I got laid off in September. My fiancée and I had just bought a house. We had a wedding to plan.
Instead of job hunting, I started building software.
I'd spent the previous year learning to code with AI while working full time — slowly enough that I wasn't sure it was going anywhere, then suddenly fast enough that I couldn't stop. By the time the layoff happened, I had already built a working web app and knew this was the next chapter.
Before that I'd spent six years as a product manager. I loved most of it: talking to customers, discovering what actually hurt, collaborating with engineers to build something real. What I didn't love was waiting. Waiting on sprint ceremonies, ticket refining, retros. Waiting on engineers to build the thing I'd already developed in my head. I'd always assumed that if I ever wanted to build software on my own, I'd need a technical co-founder. AI threw that assumption out the window.
My first app after the layoff took five months. Not because the code was hard — because everything around the code was hard. Picking a name, then picking a new name after a trademark conflict. Setting up developer accounts. Building marketing pages. Getting rejected four times before MEMO (a relationship manager for real estate agents) finally shipped.
The second app was supposed to be a distraction I couldn't afford. I built the first version of Loop (a recurring reminders app) in a weekend, shipped it to friends on TestFlight, and told myself I'd come back to it after MEMO shipped. I did come back, eventually. By then I'd started building a THIRD app, this time in Swift instead of React Native, and the experience was different enough that I scrapped the Loop codebase and rewrote the whole thing from scratch, plus added widgets, lock screen complications, and a task library. The rewrite took a few sessions. Last week I put it on the App Store for $2.99.
I stopped thinking of myself as "the guy building MEMO" and started thinking about what it means to just keep building things. Small, focused apps that do one thing well, shipped by one person who actually uses them.
I've been posting about my journey on LinkedIn for five months. Solid engagement, zero follower growth — the audience was my existing network, not new people finding me. The build-in-public community I actually want to be part of lives here.
I'm about to ship Temp, my third app. I built my wife a personalized workout app for Valentine's Day that'll probably be fourth. A year ago I was a PM who'd never shipped anything. Now I'm shipping things I couldn't have imagined building six months ago. Your baseline quietly relocates while you're not looking.
I'll write about what I'm building, what broke, and what I'm figuring out as I go. Probably some Chiefs takes too.
@asmartbear For whatever reason I'm more receptive to tough feedback from Claude (less ego about how the other person perceives me, I guess), so I have my blindspots and the instructions to call them out baked right into my claude md
YSK: You can update your App Store screenshots without submitting a new version and skip the review process.
Create a product page optimization test, upload your new screenshots, launch the test, then once it starts running, click the name of the test, scroll to your new treatment, and then click 'Apply Treatment to Current Product Page.'
yw
@VirtualMaestro@felixrieseberg I wrote up a quick start guide, get your project folder set up and then have CC move existing docs from your repo into it for you.
Most people will bookmark this and never build it. If you're a solo founder, there's a version of this that solves a different problem, and if you're already paying for Claude, you have it. Setup takes five minutes.
The Setup
/your-working-folder
CLAUDE.md
context/
business.md ← who you are, what you're building
priorities.md ← this week, parking lot, today's focus
CLAUDE.md does one job: tell Claude what to read before every session and what to update after.
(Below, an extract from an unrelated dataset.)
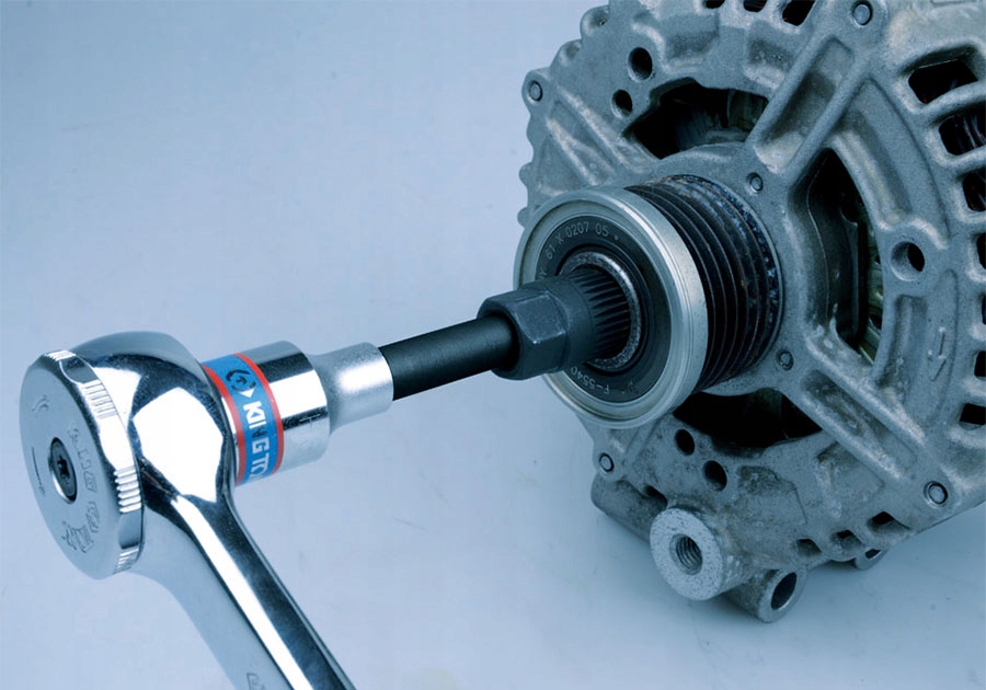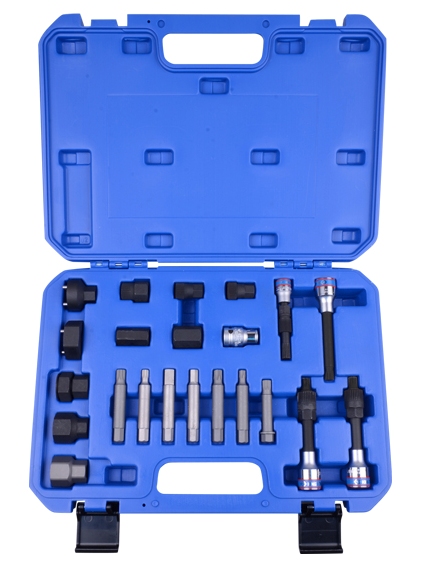 Професійний набір гайкових ключів для встановлення та зняття шківів на генераторах. Набір призначений для пристроїв BOSCH, VALEO, MAGNETI MARELLI і DENSO, які є в більшості автомобілів на європейському ринку. Все це вкладено в пластикову валізу для зручного транспортування та зберігання.

`Every session: read context/business.md and context/priorities.md before responding.
End of any session with real progress: update priorities.md. Note significant decisions in business.md.`
Start there, then let Cowork build it out. The business.md and priorities.md docs don't have to be fully fleshed out; in your first session, you can prompt it to ask you questions about your business, current priorities, etc. Mine now has sections on how to work with me specifically: my working style, what to flag, how to structure sessions. Cowork wrote and maintains all of it.
Daily routine
Every morning, open Cowork, say "let's plan today." It reads your files, checks your calendar, tells you where to point your energy. At the end of the day, tell it to update the docs.
The sessions stack. Context builds on itself. Every conversation starts from where the last one ended. Over time it becomes the brain of your business and self-updating LLM wiki/knowledge base. No more stuffing your code repos with your marketing and business docs for CC to wade through.
I run this across a portfolio of 3 apps. Each has its own subfolder with context, plans, specs, images, whatever's relevant. Any time I have an idea I want to capture some context about while it's fresh gets a folder. No more random Apple notes with half-baked ideas. I throw reference articles, design inspo, anything I'll want during the actual specing and scope shaping phase before hading over to Claude Code.
My working folder has grown a lot of branches, all created by Cowork, but it all started with those three files.
If you're already paying for Claude, it's worth trying. I've been doing this for about two weeks (since they released projects) and it's been a revelation. As my app portfolio grows, these so much mental bandwidth I've been able to free up having an agent that hold the entire context of my business and help me decide how to prioritize my time and plan my day.